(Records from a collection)
:::
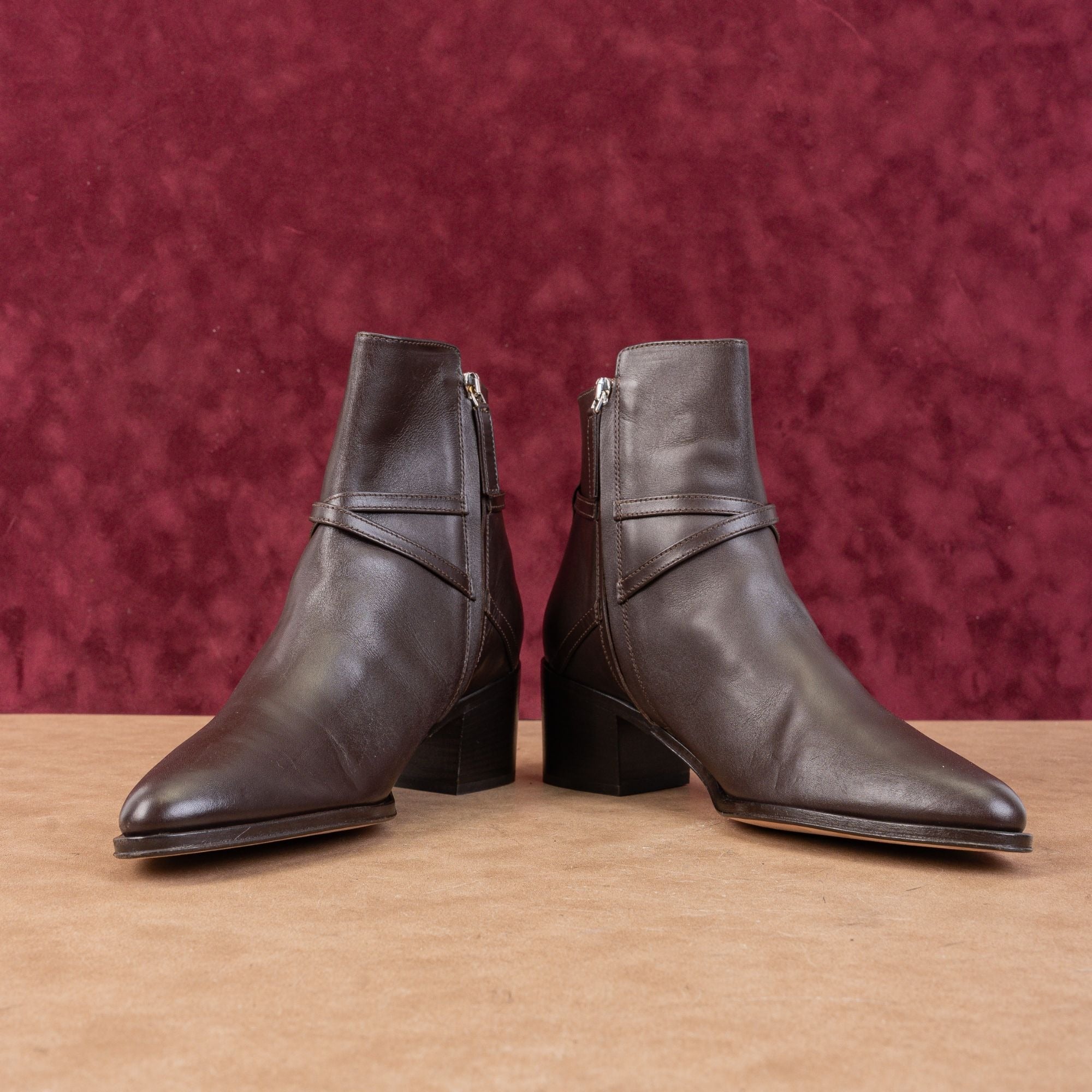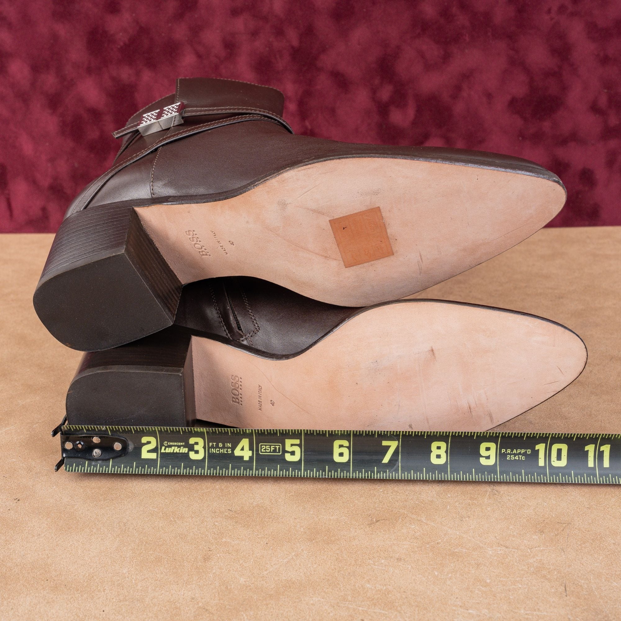 New Condition. No signs of wear on the soles. Never-Worn. Model #Silver Hardware. Retail $550. Leather Upper, Leather Lining and Leather soles. Side zipper closure for easy on and off. Almond toe Please check photos carefully for more information and details. SKU11821
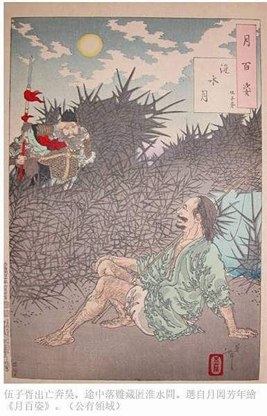 伍子胥出亡奔吳,途中落難藏匿淮水間。選自月岡芳年繪《月百姿》。(公有領域)
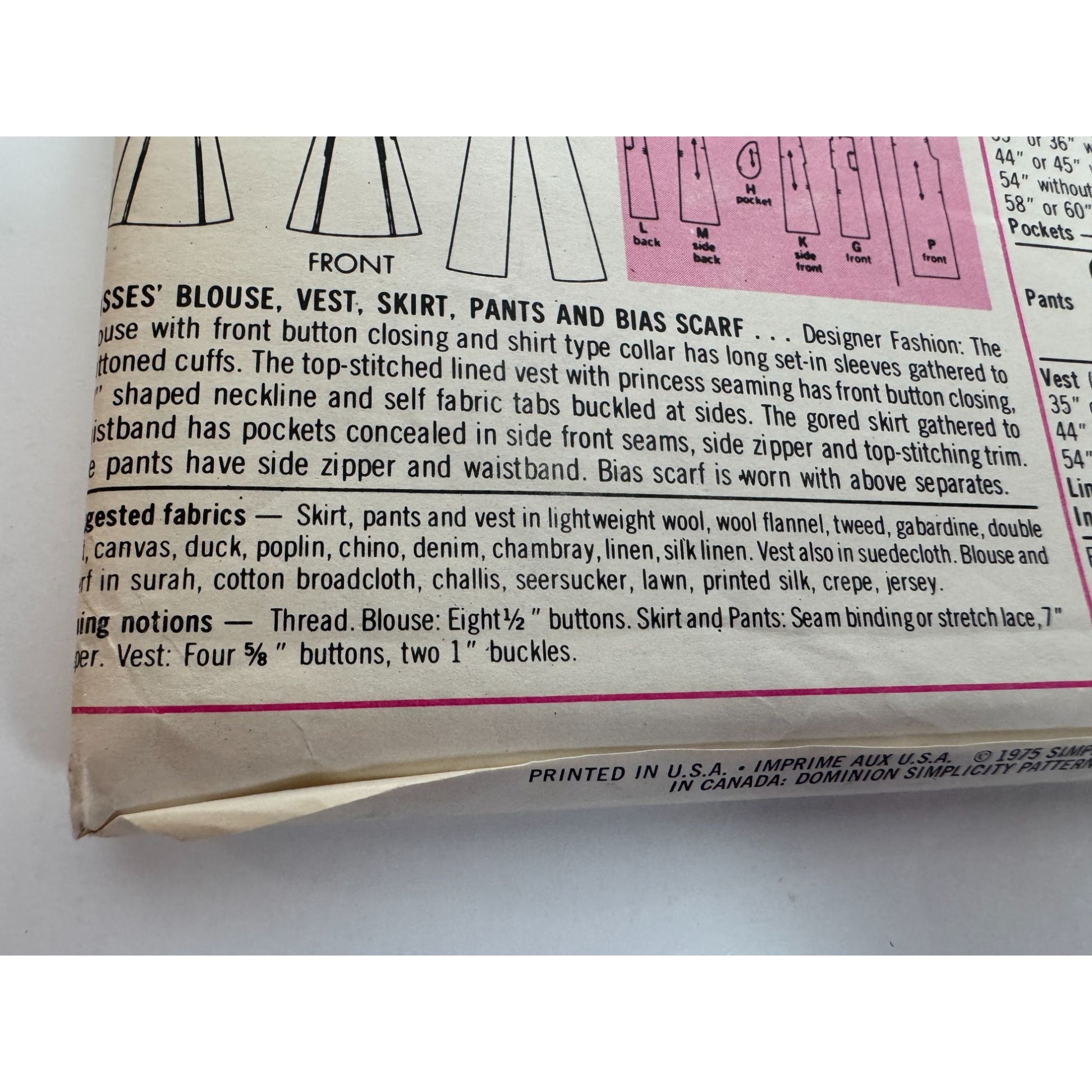 Simplicity Sewing Pattern 7296 Blouse Vest Skirt Pants Bias Scarf 1970s UC 12
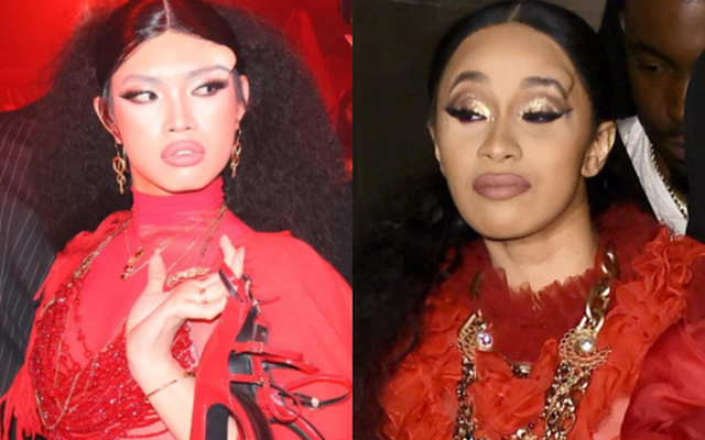 Tuy nhiên, spotlight của đêm tiệc lần này lại thuộc trọn về Pháp Kiều. Nam rapper khiến dân tình "đứng hình" khi hóa thân thành Cardi B trong lần cô tham dự sự kiện thời trang và "đụng độ" với đối thủ truyền kiếp Nicki Minaj. Không chỉ mô phỏng lại outfit đỏ rực và layout makeup gốc, Pháp Kiều còn gây bão khi tái hiện chi tiết gây sốc nhất trong sự kiện: cục u to trên trán của Cardi B sau vụ ẩu đả đình đám năm nào.
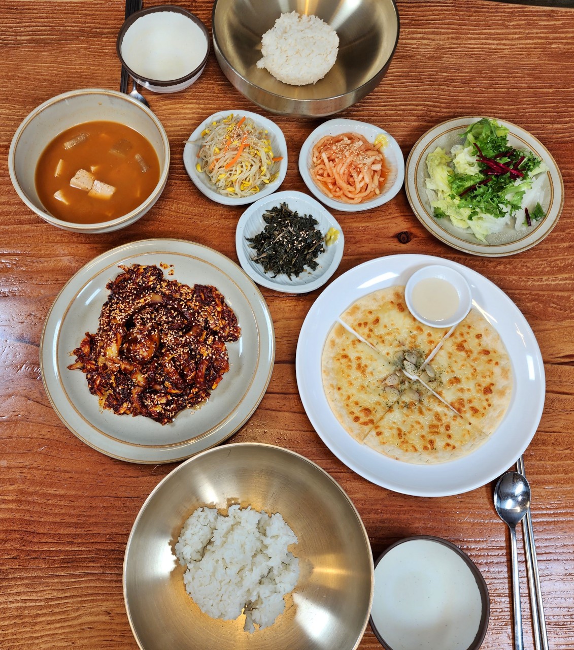 매콤한 주꾸미볶음과 신선한 보쌈을 함께 즐길 수 있는 인기 맛집.
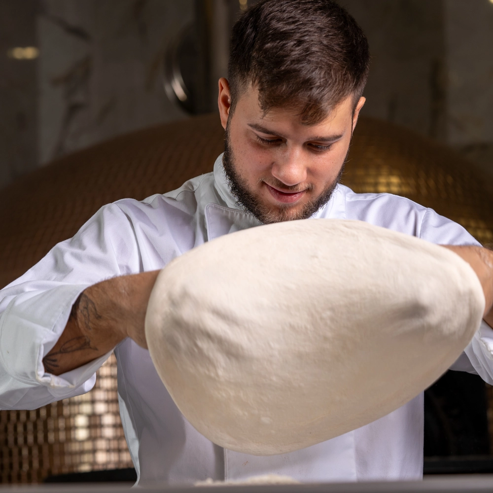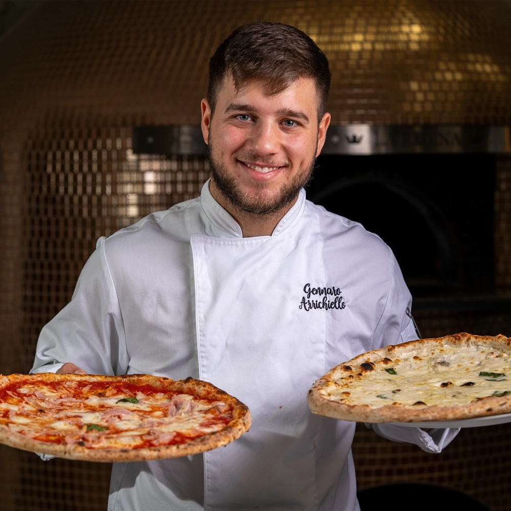 Detrás de cada pizza de Gennaro Arrichiello hay pasión, vocación y una forma muy personal de entender este oficio. Aunque durante años su vida estuvo ligada al deporte, fue en la cocina donde encontró el camino que realmente quería seguir. El trabajo con la masa, el horno y los sabores despertó en él una conexión auténtica con el mundo de la pizza, una filosofía que hoy también se refleja en cada propuesta de nuestra carta.
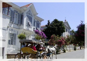 جزر الأميرات الأربع، ومن ثم النزول في أكبر الجزر والتي تعرف بـ "بيوك أضا"،
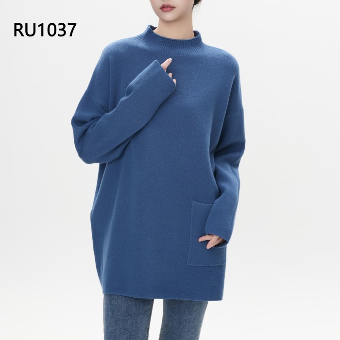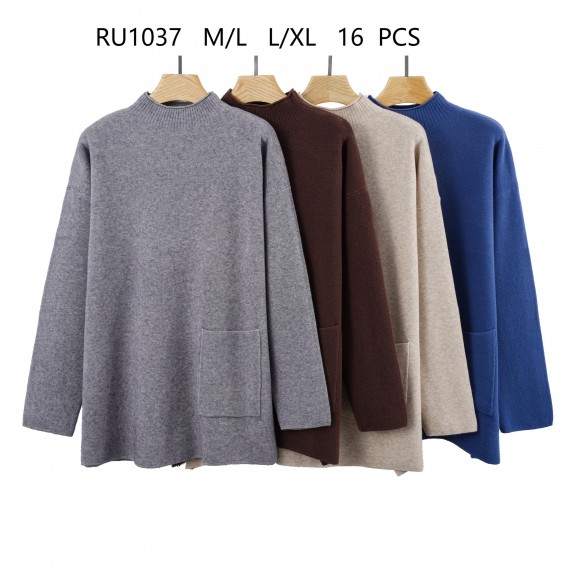 Long double-sided 12GG sweater with pocket. This is an elegant style with beautiful colors.
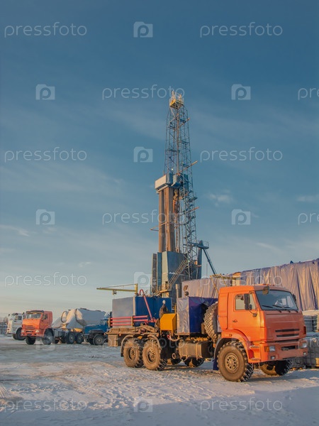 На заднем плане буровая установка на северном нефтегазовом месторождении. На переднем плане – технология тампонажного цементирования обсадной колонны скважины
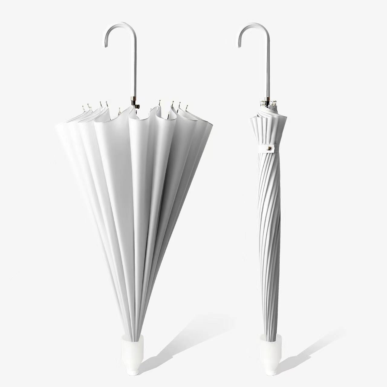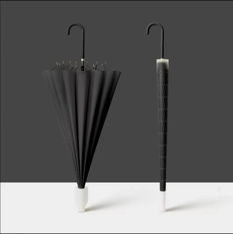 일본 긴 손잡이 우산 맑고 비오는 이중 사용 검은 고무 큰 폭풍 방지 16-뼈 자동 방수 케이스 간단한 곡선 손잡이 우산
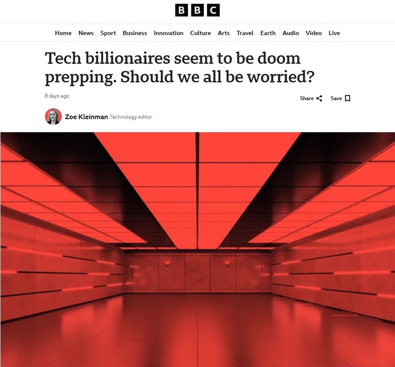 テクノロジーの最先端を知る彼らは、いったいなにをそこまで恐れているのか。戦争や気候変動の影響、あるいは彼らしか知らない別の大惨事に備えているのだろうか?
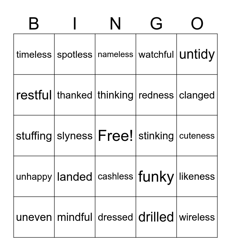 This bingo card has a free space and 29 words: uneven, thankful, slyness, spiteful, timeless, nameless, thanked, landed, stinking, mindful, cuteness, wireless, dressed, drilled, clanged, fitness, cashless, unhappy, untidy, stuffing, funky, risked, redness, restful, watchful, spotless, likeness, thinking and wishful.
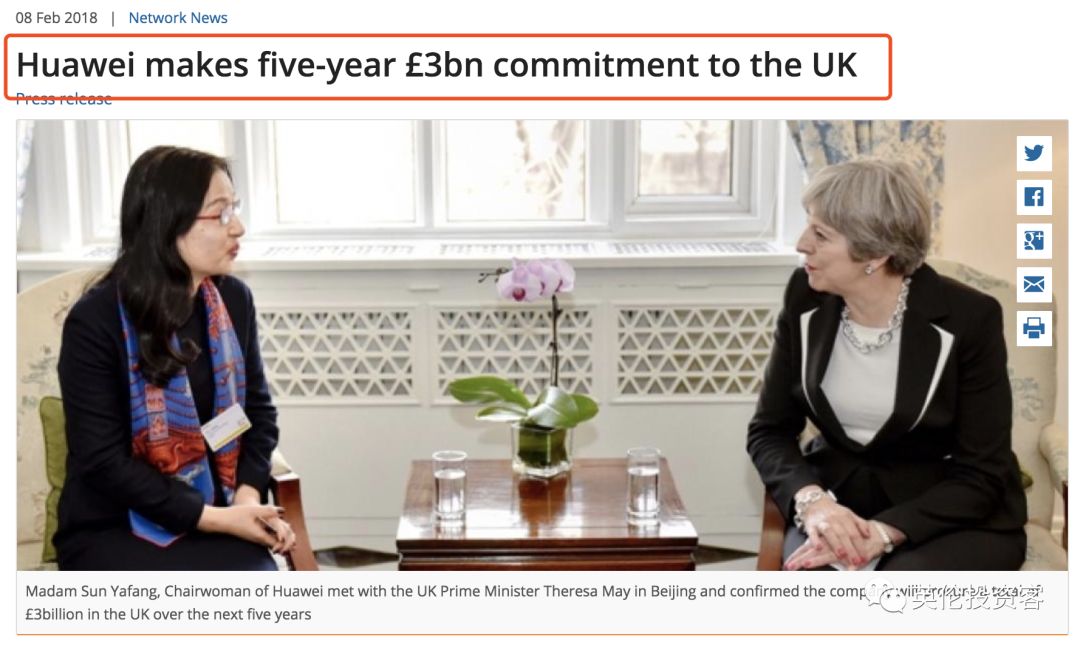 在美国频频受挫的华为于2018年2月在其官网宣布,将在未来五年对英国追加30亿英镑投资(按照最新汇率换算约合266亿人民币)。
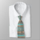 Cette cravate élégante est ornée d'une pêche et d'un modèle tribal turquoise.
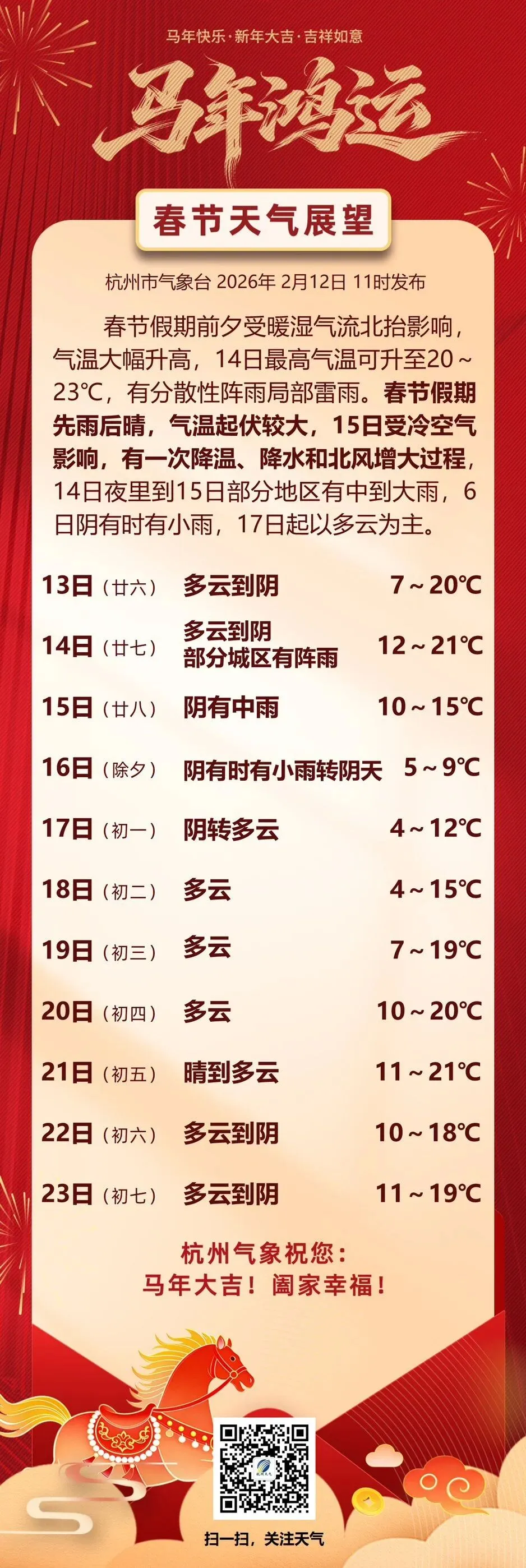 预计春节假期先雨后晴,气温起伏较大,请市民游客注意保暖。
:::
▶ Problem requirements: Please transcribe exactly the part of the records that opens with the line containing "Detrás de cada" and closes with the line containing "在美国频频受挫的华为于201", both ends included, and leave out the pictures.

▶ Output for this task:
 Detrás de cada pizza de Gennaro Arrichiello hay pasión, vocación y una forma muy personal de entender este oficio. Aunque durante años su vida estuvo ligada al deporte, fue en la cocina donde encontró el camino que realmente quería seguir. El trabajo con la masa, el horno y los sabores despertó en él una conexión auténtica con el mundo de la pizza, una filosofía que hoy también se refleja en cada propuesta de nuestra carta.
 جزر الأميرات الأربع، ومن ثم النزول في أكبر الجزر والتي تعرف بـ "بيوك أضا"،
 Long double-sided 12GG sweater with pocket. This is an elegant style with beautiful colors.
 На заднем плане буровая установка на северном нефтегазовом месторождении. На переднем плане – технология тампонажного цементирования обсадной колонны скважины
 일본 긴 손잡이 우산 맑고 비오는 이중 사용 검은 고무 큰 폭풍 방지 16-뼈 자동 방수 케이스 간단한 곡선 손잡이 우산
 テクノロジーの最先端を知る彼らは、いったいなにをそこまで恐れているのか。戦争や気候変動の影響、あるいは彼らしか知らない別の大惨事に備えているのだろうか?
 This bingo card has a free space and 29 words: uneven, thankful, slyness, spiteful, timeless, nameless, thanked, landed, stinking, mindful, cuteness, wireless, dressed, drilled, clanged, fitness, cashless, unhappy, untidy, stuffing, funky, risked, redness, restful, watchful, spotless, likeness, thinking and wishful.
 在美国频频受挫的华为于2018年2月在其官网宣布,将在未来五年对英国追加30亿英镑投资(按照最新汇率换算约合266亿人民币)。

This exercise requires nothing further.